■ TO DO:
Beginning with the line that holds "오늘 회사가 휴무이다.", copy each line through the end of the material below, exactly and with no pictures.

■ SUPPLIED DATA:
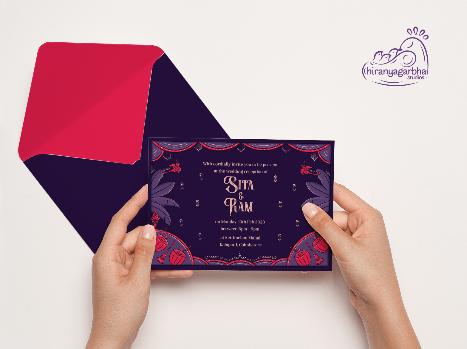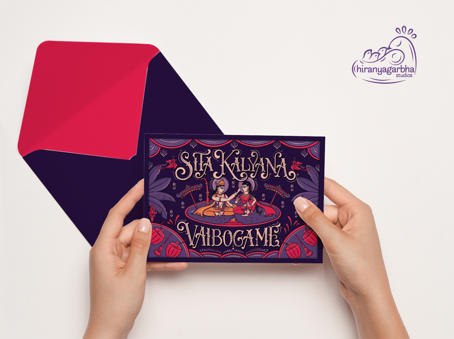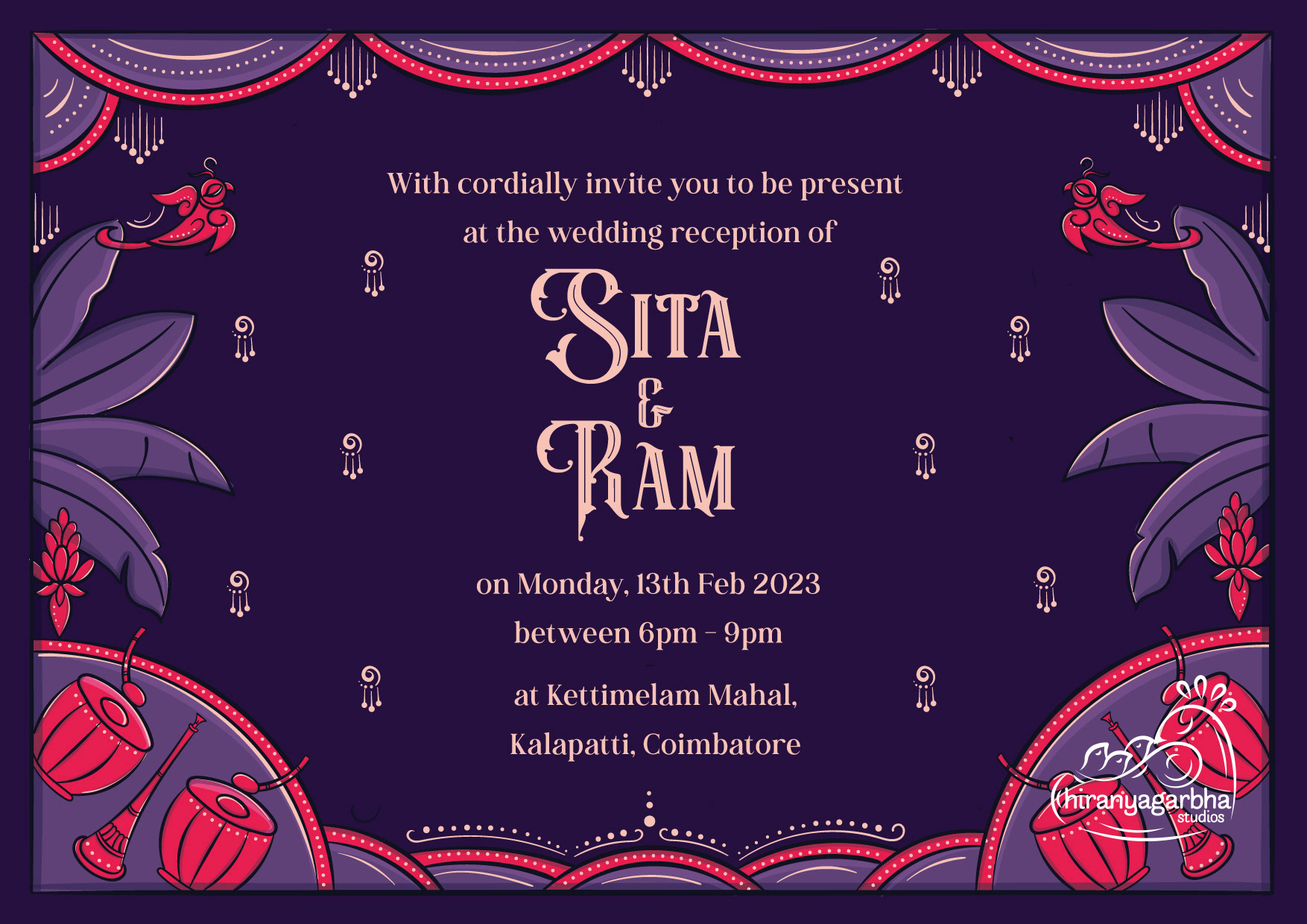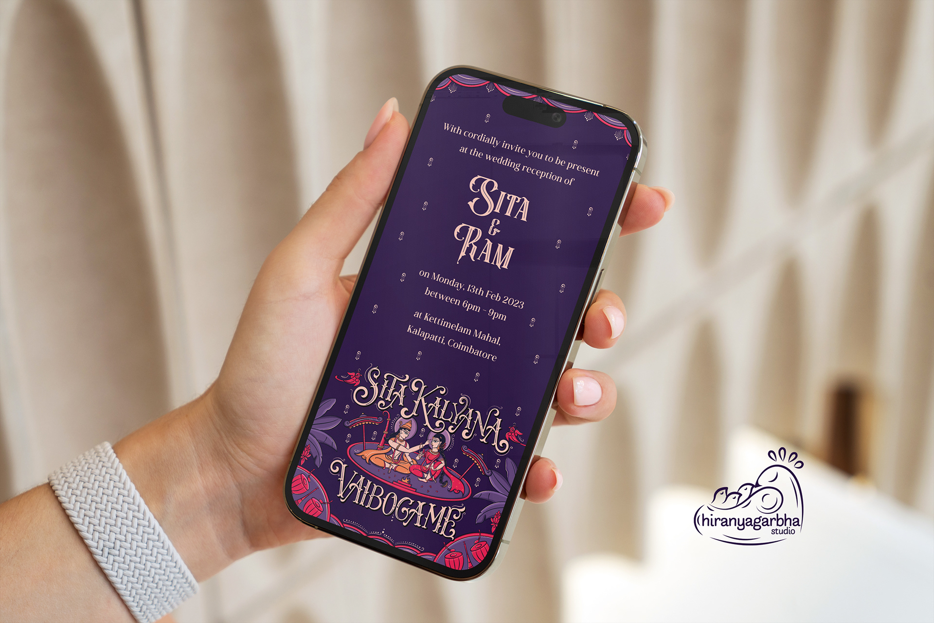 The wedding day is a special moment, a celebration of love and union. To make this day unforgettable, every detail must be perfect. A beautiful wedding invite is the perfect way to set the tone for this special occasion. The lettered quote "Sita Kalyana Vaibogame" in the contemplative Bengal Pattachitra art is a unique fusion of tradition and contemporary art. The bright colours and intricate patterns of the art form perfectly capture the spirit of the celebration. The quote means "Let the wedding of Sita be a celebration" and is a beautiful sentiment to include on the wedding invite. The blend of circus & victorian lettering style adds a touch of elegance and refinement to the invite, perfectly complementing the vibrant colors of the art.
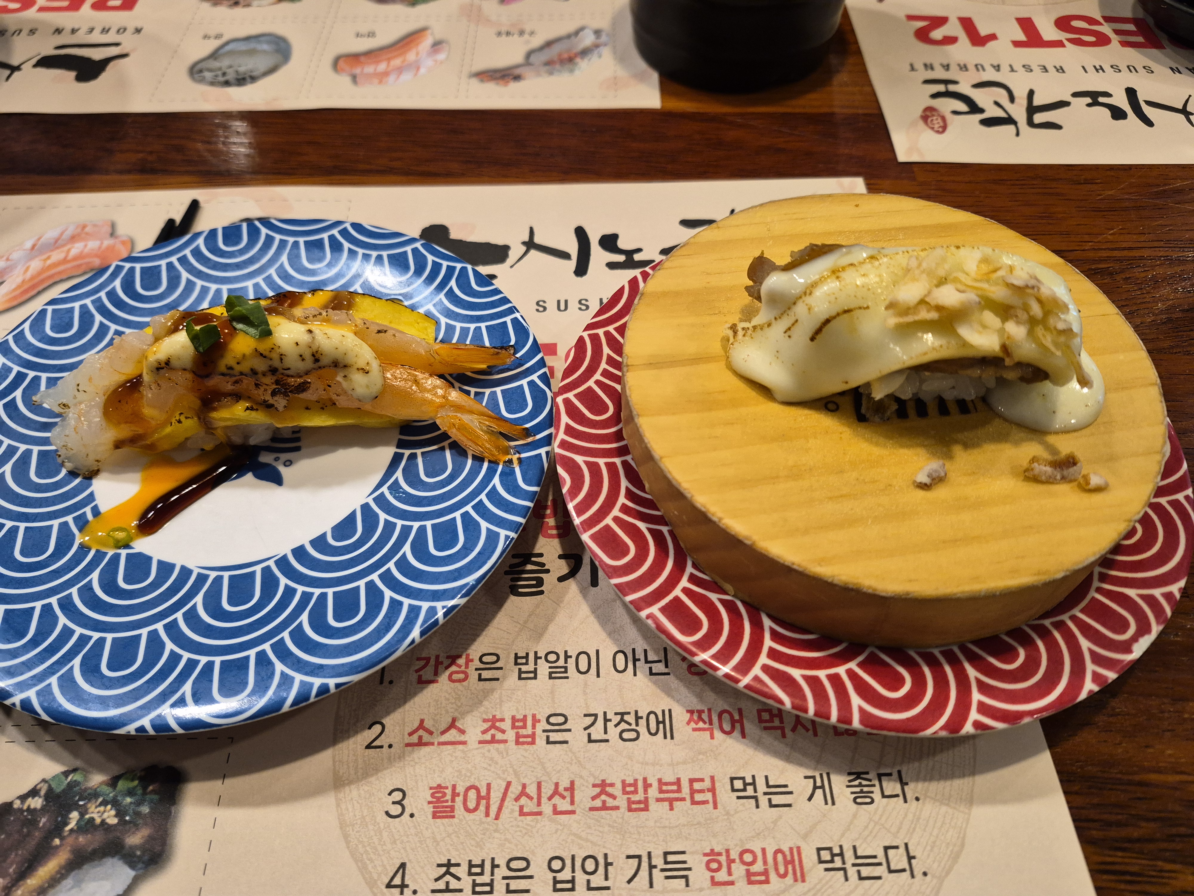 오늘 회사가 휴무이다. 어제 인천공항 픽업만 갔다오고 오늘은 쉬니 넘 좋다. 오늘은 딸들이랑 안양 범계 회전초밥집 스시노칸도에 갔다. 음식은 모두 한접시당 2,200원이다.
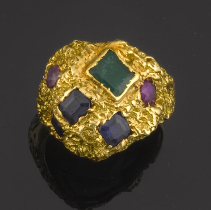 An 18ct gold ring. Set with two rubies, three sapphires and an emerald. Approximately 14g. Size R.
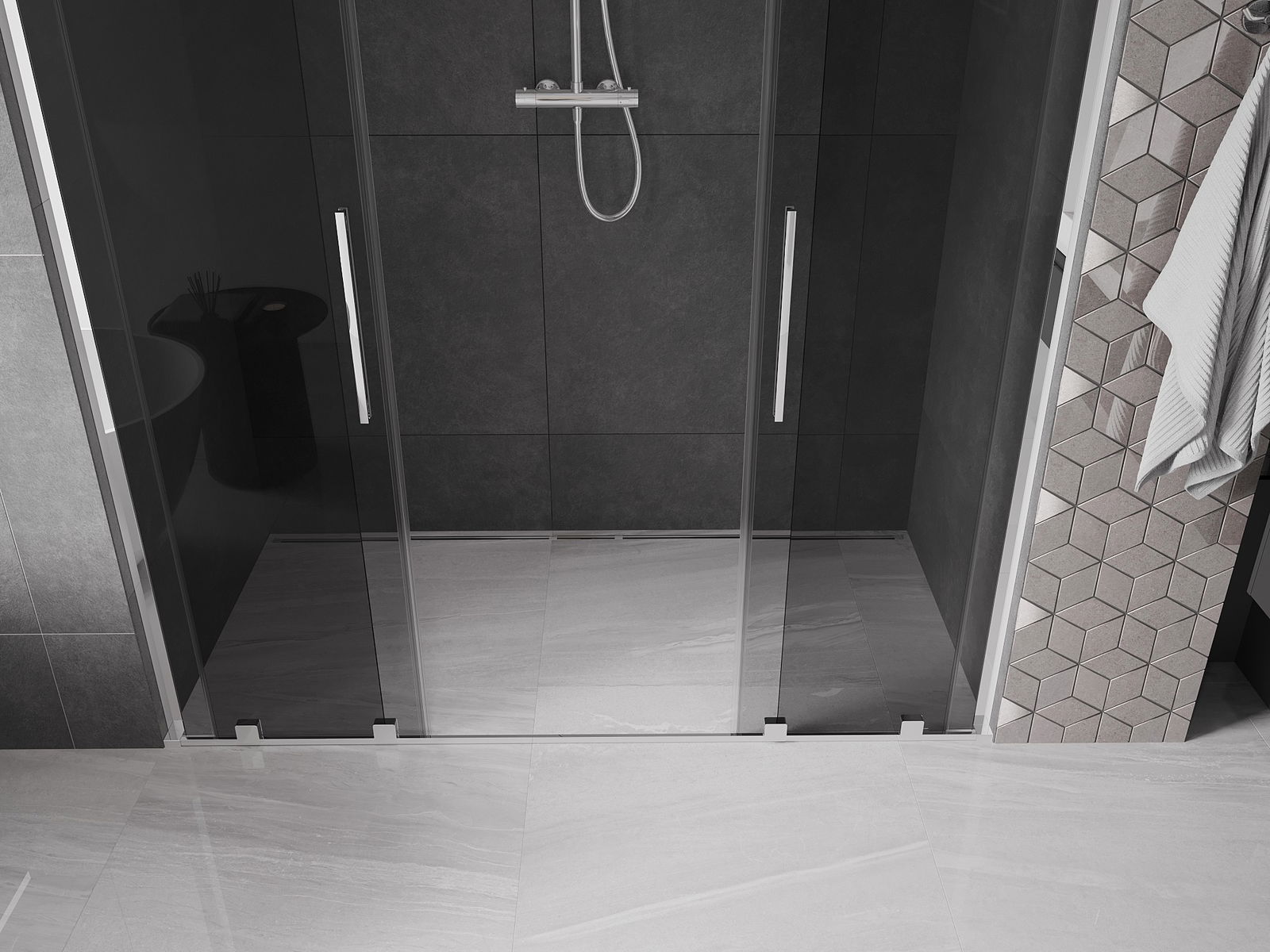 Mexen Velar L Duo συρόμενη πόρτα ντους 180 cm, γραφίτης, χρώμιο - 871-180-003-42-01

■ RESULT BELOW:
 오늘 회사가 휴무이다. 어제 인천공항 픽업만 갔다오고 오늘은 쉬니 넘 좋다. 오늘은 딸들이랑 안양 범계 회전초밥집 스시노칸도에 갔다. 음식은 모두 한접시당 2,200원이다.
 An 18ct gold ring. Set with two rubies, three sapphires and an emerald. Approximately 14g. Size R.
 Mexen Velar L Duo συρόμενη πόρτα ντους 180 cm, γραφίτης, χρώμιο - 871-180-003-42-01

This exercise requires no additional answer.